Do you really need to humidify your entire house, or just certain rooms?

We've found that the best ways to keep our house (and the rooms that we occupy most) in winter are:

1. Make pasta frequently.  If you leave your hood exhaust fan off (not normally a good idea, especially if you cook with gas), the steam will raise humidity throughout much of your house.

2. Instead of using the dryer, leave your washed clothes to dry on racks. I also do this to humidify the closet where I keep my uilleann pipes (Irish bagpipes, whose reeds are very sensitive to dryness) -- I just hang a pair of wet corduroys in there and the humidity climbs to 50% or higher in no time.

We also have a couple of humidifiers that we use in individual rooms when the humidity gets too low. The best (but expensive) is the Venta, which is what we use: no filters to clean, very simple but effective system. They're available in Ontario from several dealers. The higher purchase price is offset by the lack of need to buy filters, although you do need to buy some special cleaning fluid (which works incredible well) and an additive to the water if your water is hard. I've been using mine for 8 years now and it's fantastic. I only run it when we're in a long cold snap and the house humidity drops below 35%. Normally the humidity level in our house, even in the depths of winter, is around 40% but that's because we keep it cool...16 at night and no more than 19 or 20 during the day. I work at home, and sometimes jack the heat in my office up to 21, but that's it.


----------



## Dana (Nov 17, 2009)

We have a Honeywell humidifier attached to our furnace. We had the same type of humidifier in our last house as well. If you have dry skin this appliance can be a life saver. If you keep it set too high, though, condensation will start to form on the inside of your windows. Also, the humidifer only benefits you if the furnace fan is blowing so if you like to keep your house cool and your furnace isn't on very often you may have to turn the fan on to increase the humidity. 

Our humidifier has a cylindrical-sponge-thing (not the technical term) that rotates around and around soaking up water. This sponge thing needs to be changed every couple of years and costs about $5.99.


----------



## high octane (Jul 21, 2009)

Isn't it easier to heat dry air? I've always thought you want a dehumidifier in the winer, as my windows always have condensation. Maybe its just where I've lived

When I rented from an old lady in SK she would disconnect the dryer vent to keep all that humidity inside.

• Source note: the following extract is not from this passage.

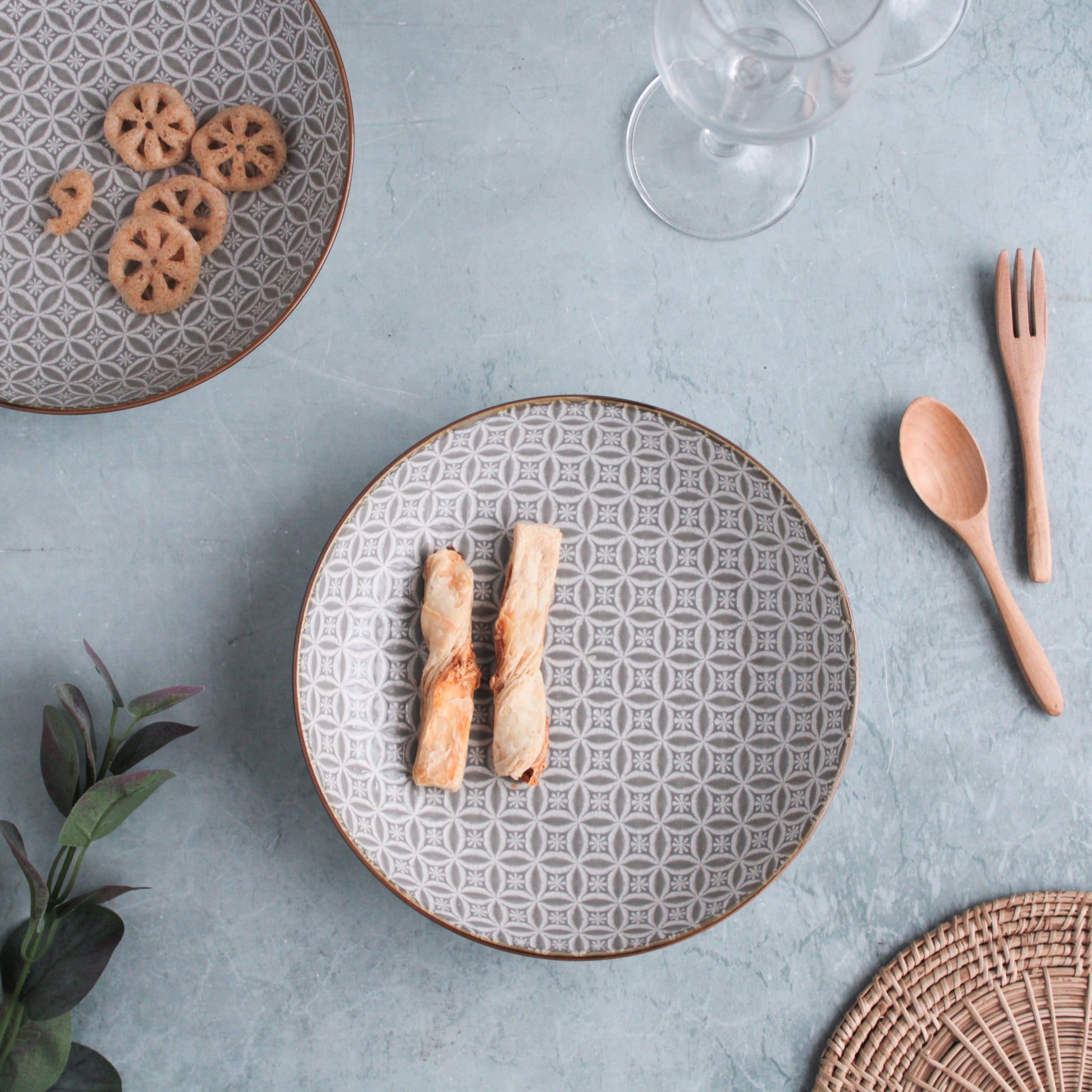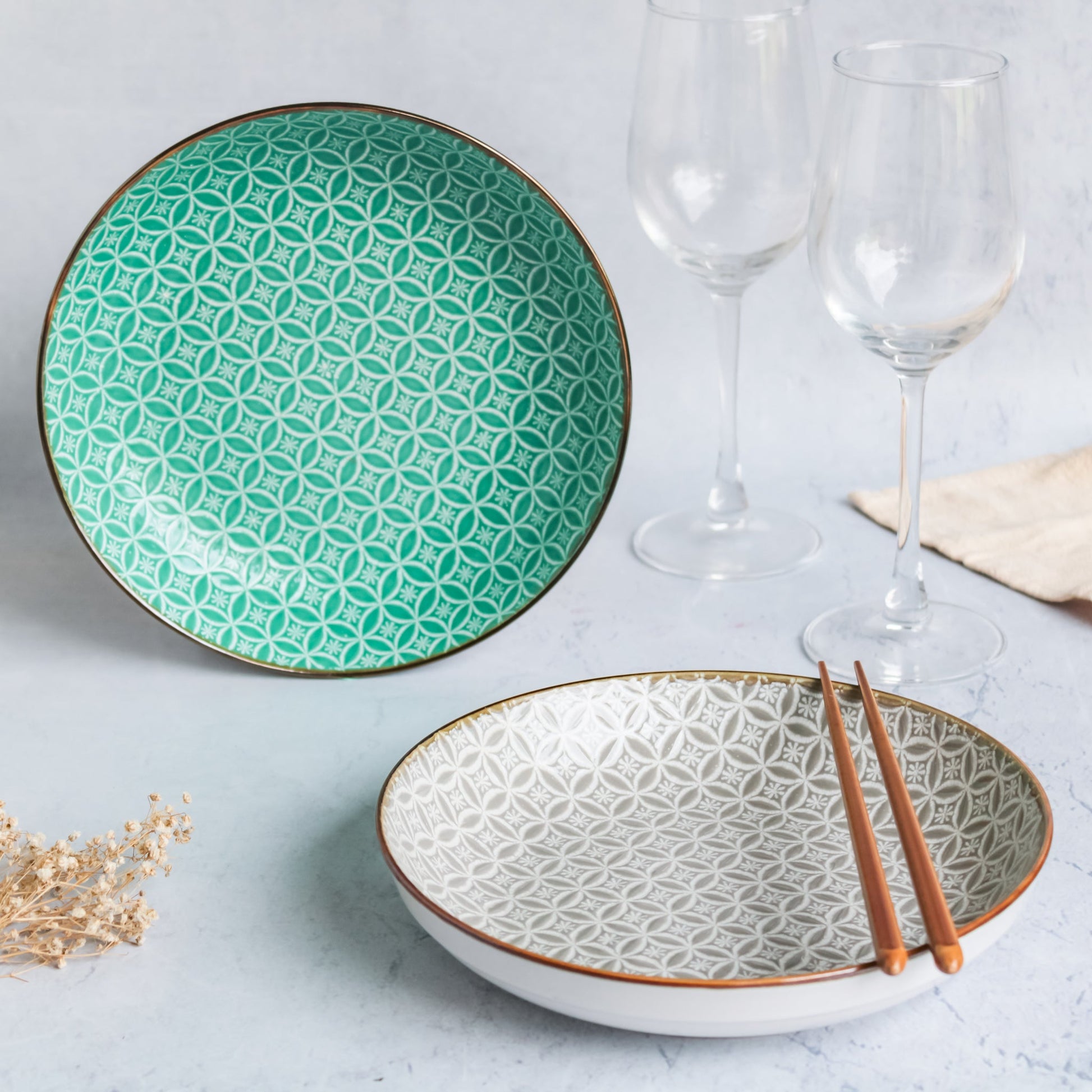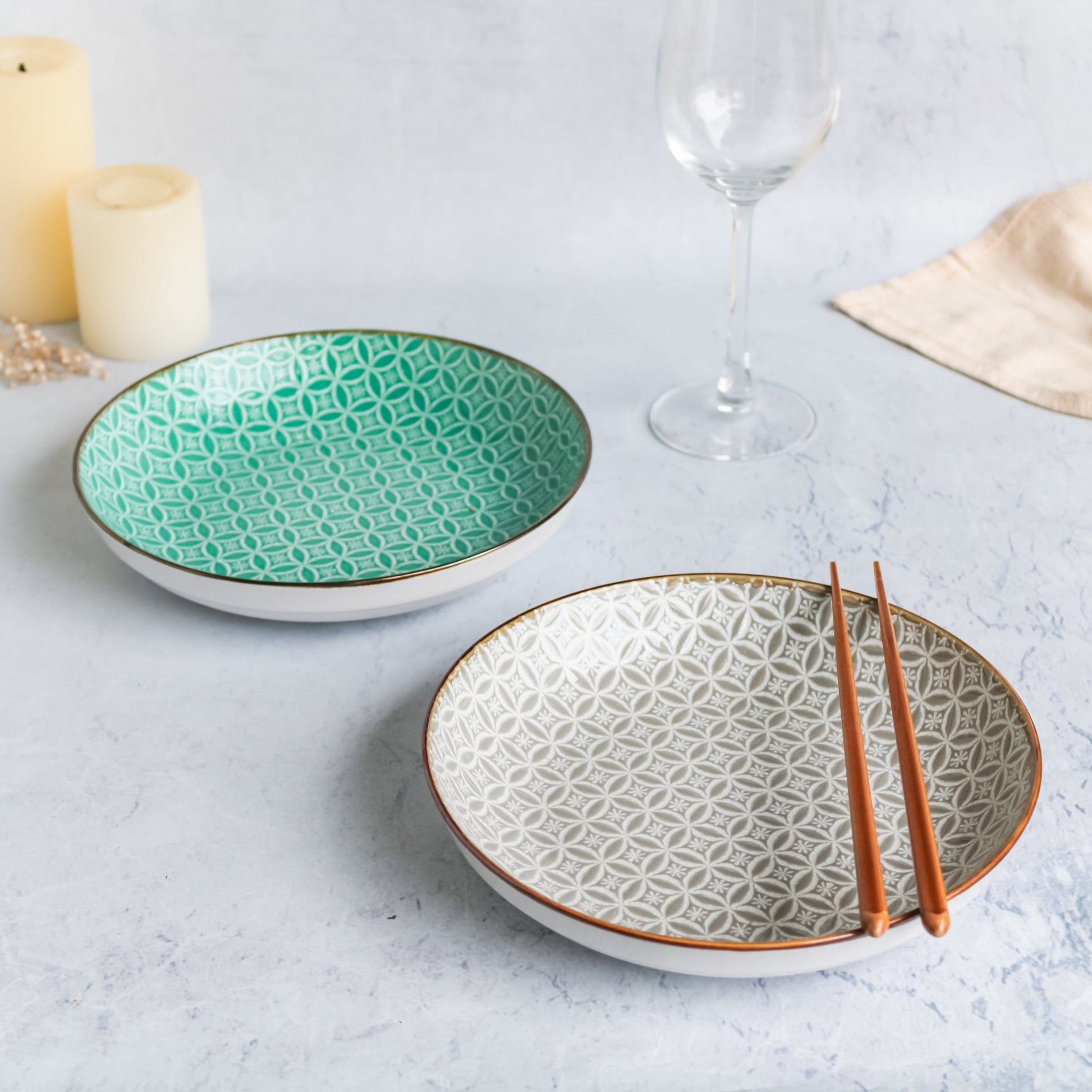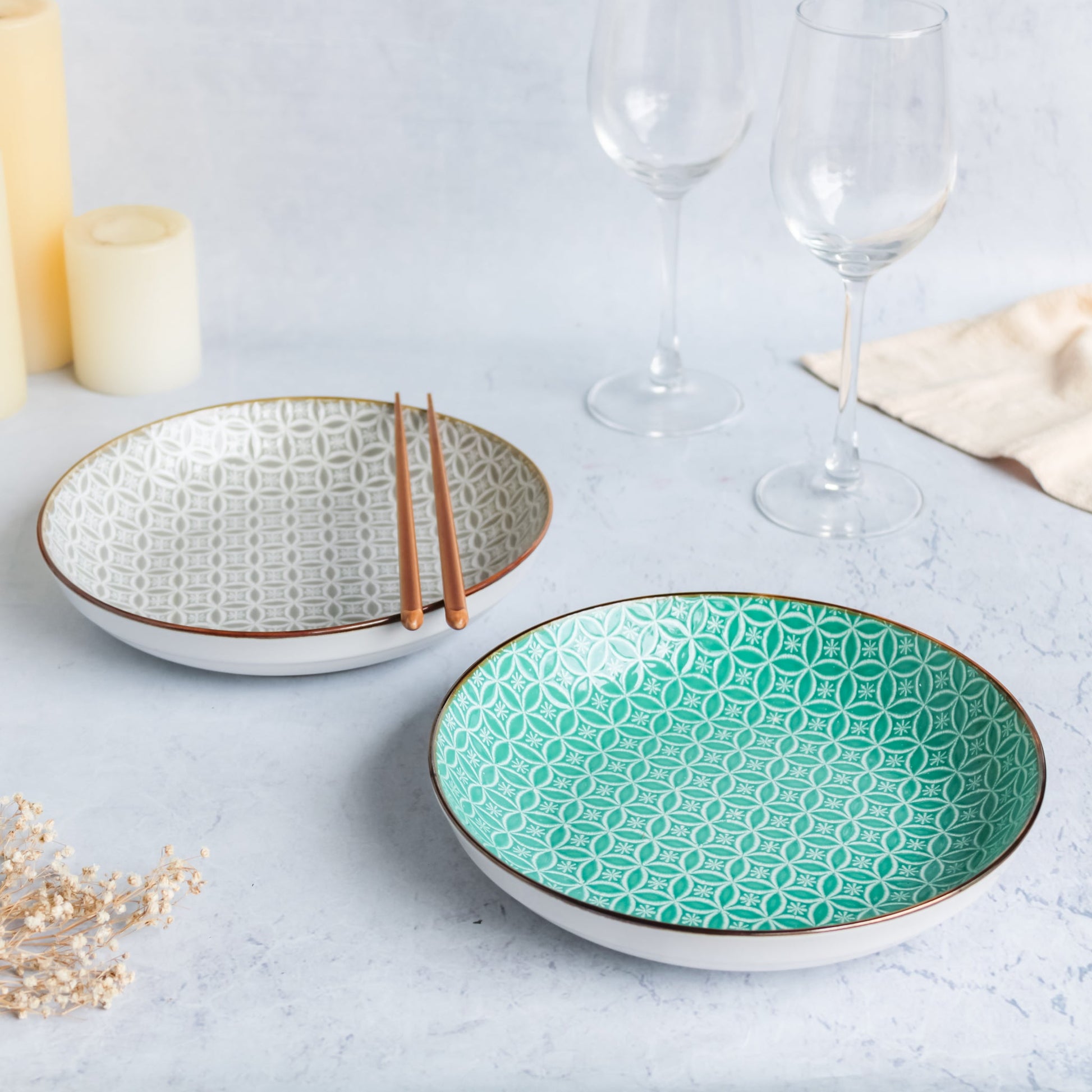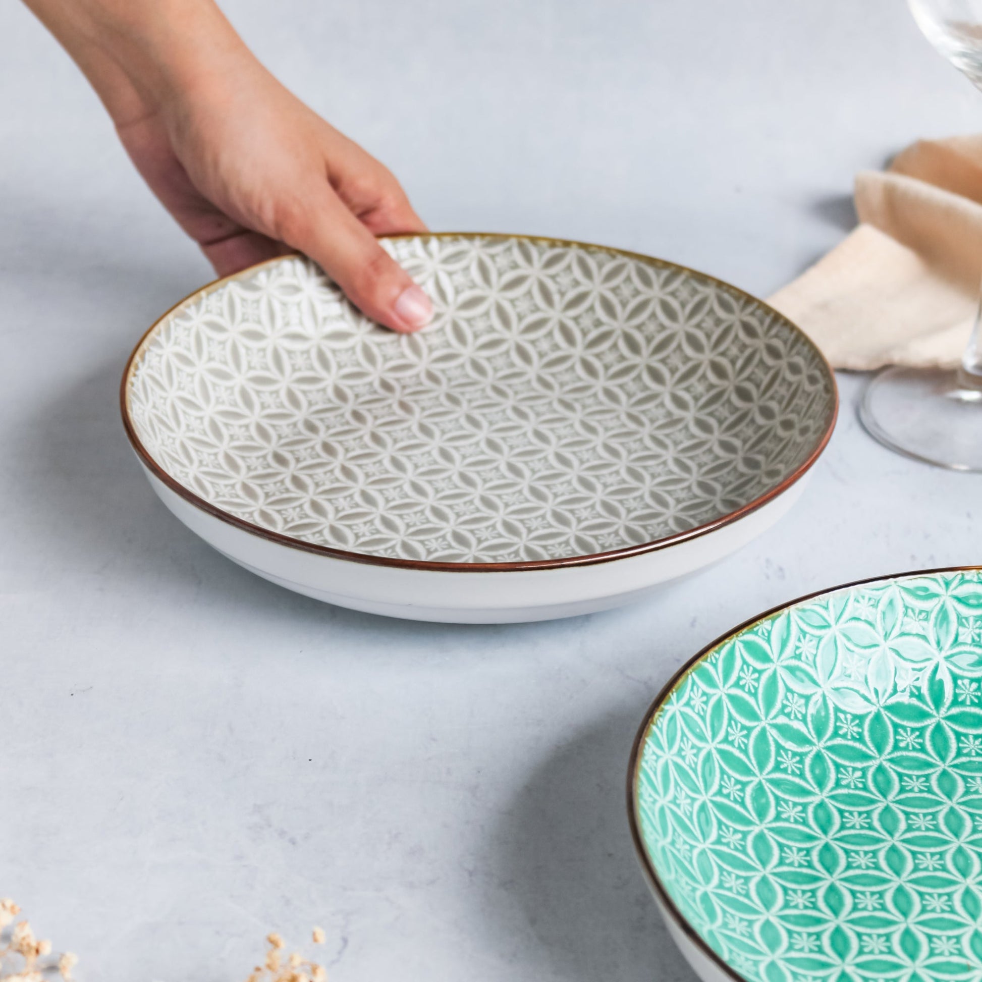 Engraved ceramic plate with beautiful geometric patterns on the inner surface is the ideal dish to bring some color into the kitchen. The plate has a raised bottom with a slightly elevated rim which makes it the perfect crockery for eating slightly gravy-is dishes like ramen or soupy noodles. The engraved floral motifs adds to the aesthetic when paired with the two soothing tones which it is available in.

I thought she was crazy but if you want humidity, your dryer is dumping it outside so why pay


----------



## HaroldCrump (Jun 10, 2009)

Thanks brad, Dana and high octane.
brad, to your point - yes, I feel we do need a central humidifier because of several reasons - dry skin, newly installed hardwood floors, etc.
We have managed using the room humidifiers for over 5 winters now and I think it's time to put in a more permanent solution.
The RH inside the house stays below 40% most of the winter and during Jan - Feb often falls below 30%. I feel this is too low.
I would like to keep it between 35% - 45%.
We put in new hardwood this summer and humidity below 30% is not going to be good for it.


----------



## raisacombs (Jan 2, 2010)

I need some humidifiers for my apartment, because it is very dry. I wanted to know what the difference was between the two, and which one is best for this type of issue. Thank you!


----------



## OhGreatGuru (May 24, 2009)

You might be better in the long run to test your house for air leakage, and seal it better. Outside air in the winter is very dry, so if you are drawing in more fresh air than you need this lowers indoor relative humidity. A leaky house also wastes energy. Those furnace add-on humidifiers used to be common, but are becoming rarer as our houses have become more air-tight.


----------



## Dr_V (Oct 27, 2009)

OhGreatGuru said:


> You might be better in the long run to test your house for air leakage, and seal it better. Outside air in the winter is very dry, so if you are drawing in more fresh air than you need this lowers indoor relative humidity. A leaky house also wastes energy. Those furnace add-on humidifiers used to be common, but are becoming rarer as our houses have become more air-tight.


This is exactly what I was thinking about (with respect to this thread), but had held back from posting.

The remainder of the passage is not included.